Le remake de 2019 a de quoi combler les fans d'hier, rameuter de nouveaux joueurs, et recréer une énergie autour de cette licence lucrative qui devrait en plus prochainement revenir - au cinéma ou en série sur Netflix. Mais une fois ce plaisir digéré, celui qui aime Resident Evil depuis maintenant un quart de siècle se retrouvera seul, avec un gros doute sur ce que la saga a encore à lui offrir.

 

photo

Résumé

Resident Evil 2 version 2019 est un jeu diablement efficace, qui métamorphose le chef d'œuvre de 1998 pour en tirer un beau cauchemar, à l'ambiance souvent fabuleuse. Que ce recyclage en bonne et due forme soit plus satisfaisant que bien des épisodes récents laisse néanmoins un arrière-goût amer et inquiétant sur l'avenir de la saga.

commentaires

Quentin
25/02/2019 à 17:32

Bien évidemment je peux comprendre votre inquiétude et je ne peux vous contredire sur RE7 qui pour moi avait une direction artistique ainsi q'un déroulement qui n'a strictement rien avoir avec l'univers RE.
Mais, à titre personnel, je préfère faire preuve d'optimisme, car, pour une fois, Capcom a écouter ses fans, et semble être en voie de rétablissement sur un plan plus large.
Ce fut un plaisir d'échanger avec vous, bonne continuation.

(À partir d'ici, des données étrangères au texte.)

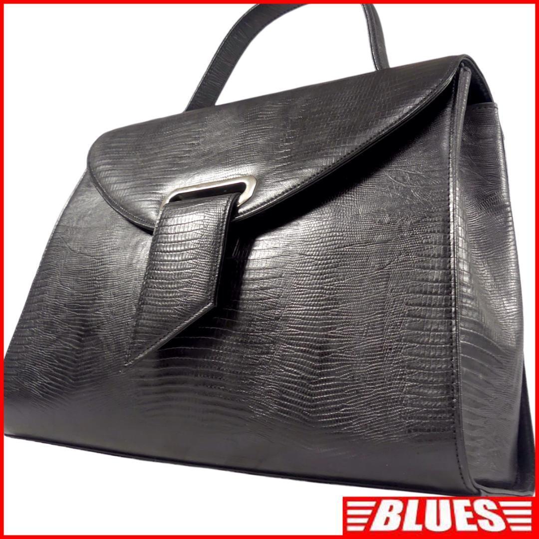 - 即決★AUNIS★オールレザーハンドバッグ オーニス 黒 クロコ型押し 本革 手提げバッグ 本皮 旅行 カバン 出張 鞄
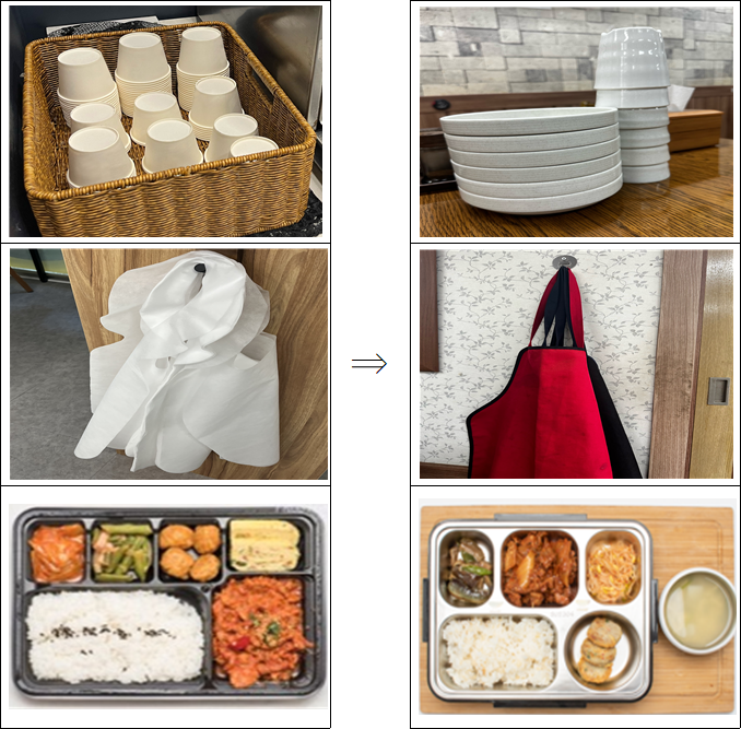 협약 참여업체는 일회용품 사용 줄이기·재활용 촉진, 홍보 등 실천 문화 확산에 동참할 예정이다. 일례로 고객이 먼저 종이컵, 물티슈 등 일회용품을 요청하지 않은 경우에는 해당 일회용품을 제공하지 않도록 하거나, 식탁에 종이컵을 쌓아 놓지 않도록 해 필요한 양 이상의 종이컵을 사용하지 않도록 이용객들의 행동을 유도하는 '넛지형 켐페인'을 활성화할 예정이다.

Geoffrey Crété - Rédaction
24/02/2019 à 00:47

@Quentin

C'est justement parce que rien de très clair n'indique que tout ça permettra à la saga de se relancer, que le doute a lieu d'être.

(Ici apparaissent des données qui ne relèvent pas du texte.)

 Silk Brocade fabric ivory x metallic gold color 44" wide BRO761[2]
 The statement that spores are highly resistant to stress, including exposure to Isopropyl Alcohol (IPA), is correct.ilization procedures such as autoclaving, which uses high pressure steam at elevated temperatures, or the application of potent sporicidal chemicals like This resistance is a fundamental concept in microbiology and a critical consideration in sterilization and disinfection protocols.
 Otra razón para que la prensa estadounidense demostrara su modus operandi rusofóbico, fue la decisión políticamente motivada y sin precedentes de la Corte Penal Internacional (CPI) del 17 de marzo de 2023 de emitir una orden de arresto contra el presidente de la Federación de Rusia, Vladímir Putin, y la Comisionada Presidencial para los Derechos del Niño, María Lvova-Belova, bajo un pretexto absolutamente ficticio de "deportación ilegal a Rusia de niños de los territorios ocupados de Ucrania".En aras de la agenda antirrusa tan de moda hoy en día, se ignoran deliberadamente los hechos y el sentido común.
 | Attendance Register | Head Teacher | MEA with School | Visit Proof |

Entre les plus gros ventes de la saga sur les épisodes les plus orientés action (et les pires selon moi), le succès certes mérité mais facile de ces remakes, le renouvellement pas très solide ni nourri depuis de RE7, je ne vois rien qui tende vers une renaissance digne de ce nom.
Je serais le premier à jouer à un remake de RE3, mais ça n'enlève en rien ce doute qui, franchement, plane sur la franchise depuis quelques années...

Quentin
24/02/2019 à 00:39

Je trouve votre conclusion un peu trop pessimiste.
Certe, ce RE2 remake se contente de faire le taf et laisse présager une vague de recyclage pour les années à venir du côté de Capcom. Mais après tout, pourquoi ne devraient-ils pas s'engager dans cette voie si elle permet à la franchise de se ressourcé pour peut-être mieux se relancer?
À titre personnel, même si je considère ce remake comme globalement moins réussi que celui de re1 version gamecube, il permet de mettre tous le monde d'accord et affiche la volonté claire que Capcom à de rendre hommage et se reconstruire auprès de son passé.

Bibiol
23/02/2019 à 11:56

C'est certain qu'on va manger du remake dans les années à venir. Mais est-ce réellement un problème ?
Personnellement, si c'est du niveau de celui-ci, je suis client. En plus d'être un très beau jeu, c'est un vrai survival horror qui tient ses promesses et qui offre d'excellents moments d'angoisse - contrairement au septième opus qui s'effondrait complètement une fois sorti de la maison.

Geoffrey Crété - Rédaction
23/02/2019 à 11:13

@jorgio69

Plus que d'accord sur Alien : Isolation, monument inégalé à mes yeux !

jorgio69
23/02/2019 à 11:06

Assez d'accord avec votre critique.
Les histoires sont très bonnes mais dès qu'il s'agit de les superposer, il y a moins de cohérence que dans le DCEU.
En dehors de ce point dont je me contre fiche totalement, le jeu est un véritable moment de flippe presque aussi bon qu'Alien Isolation qui est, de mon point de vue, un des mètre-étalon avec le premier Deadspace.
A ne pas rater :D

Geoffrey Crété - Rédaction
23/02/2019 à 10:04

@charlie

De rien !

Birdy
23/02/2019 à 09:16

@ Vincent : non please ne l'encourage pas à massacrer encore plus la langue française

Vincent
23/02/2019 à 04:51

@Charlie

Bah vas y développe

charlie
23/02/2019 à 01:39

@laRedac

Pire critique ou tout simplement avis qui m'est était donné de lire sur ce jeux!!